Michel Goossens a occupé une place très importante dans le développement de méthodes de diagnostic et de dépistage des maladies génétiques. Il a également joué un rôle essentiel dans la mise en place, l’organisation et le financement, en France, des réseaux de laboratoire de diagnostic moléculaire, sensibilisant les autorités de santé à ce qui était un nouveau domaine de la médecine. 

Biographie

Michel Goossens est né le 4 avril 1947 à Paris.

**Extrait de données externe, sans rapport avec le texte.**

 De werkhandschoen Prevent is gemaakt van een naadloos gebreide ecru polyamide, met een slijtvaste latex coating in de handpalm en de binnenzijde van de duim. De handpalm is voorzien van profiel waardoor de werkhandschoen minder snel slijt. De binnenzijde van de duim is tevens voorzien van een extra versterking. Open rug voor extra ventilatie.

Il a mené ses études secondaires au lycée Henri IV à Paris et ses études supérieures aux facultés de médecine de Cochin et des sciences de Créteil. 

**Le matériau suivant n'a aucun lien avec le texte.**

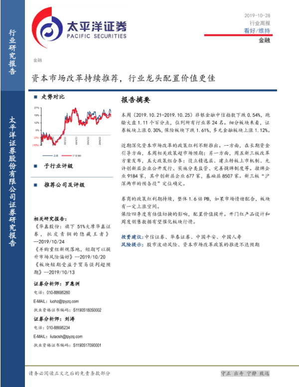 【太平洋证券】【20191028】金融行业周报:资本市场改革持续推荐,行业龙头配置价值更佳-13页

  • Interne des hôpitaux de Paris (1972).
  • Docteur en médecine de la faculté de médecine de Cochin, Paris (1977).
  • Titulaire d’une maîtrise (1974) et d’un diplôme d’études approfondies en biochimie (1976).
  • Post-ost-doctorant au Howard Hugues Medical Institute for the study of Human Genetic Diseases et dans le département d’hématologie et de génétique, université de Californie, San Francisco, Etats-Unis (1978–1980).
  • Chercheur dans l’unité Inserm 91 “Génétique moléculaire et hématologie” dirigée par Jean Rosa à l’hôpital Henri-Mondor à Créteil.
  • Assistant (1979) puis chef de travaux pratiques à la faculté de médecine Paris XII de Créteil (1982).
  • Professeur des universités en génétique, praticien hospitalier au CHU de Créteil, université Paris XII (1985).
  • Directeur de l’école doctorale 402 “Sciences de la vie et de la santé” de cette université (2000–2009).
  • Chef du service de biochimie et de génétique de l’hôpital Henri-Mondor, Créteil depuis 1993.
  • Directeur de l’unité Inserm 468 “Génétique moléculaire et physiopathologie” à l’hôpital Henri-Mondor à Créteil (1997–2004).
  • Directeur de l’Institut Mondor de médecine moléculaire (2000–2007).
  • Responsable d’une équipe de recherche sur les bases cellulaires et moléculaires des maladies héréditaires, au sein de l’unité 955 de l’Institut Henri-Mondor de recherche médicale de Créteil, dirigé par Georges Guellaen depuis 2008. 

Instances scientifiques

  • Membre de la commission scientifique spécialisée (CSS) de l’Inserm “Biologie moléculaire, génétique, microbiologie, pathologie infectieuse et parasitaire, biophysique, biochimie, pharmacochimie, métrologie physico-chimique” (1983–1986) et de la CSS “Endocrinologie, reproduction, développement” (1991–1994).
  • Membre du conseil scientifique de l’Association française contre les myopathies (1990–1998).
  • Membre puis président de l’Association française contre la mucoviscidose (1991–1997).
  • Membre du conseil scientifique de l’université Paris XII, Créteil (1991–1997 et 2006–2008).
  • Président de la commission scientifique de l’UFR de médecine de Créteil (1991–1994).
  • Membre de la commission nationale de biologie de la reproduction, section diagnostic prénatal (1991–1995).
  • Membre du conseil scientifique de l’Assistance publique – hôpitaux de Paris (1996–1998).

Sociétés savantes

  • Membre de la Société française de génétique, de la Société française de génétique humaine.
  • Membre de la Société de biologie.
  • Membre de l’American Society of Hematology.
  • Membre de l’American Society of Human Genetics, de l’European Society of Human Genetics. 

Prix et distinctions

  • Prix Jaffé de l’Académie des sciences ‑Institut de France (2004).
  • Officier dans l’ordre des Palmes académiques.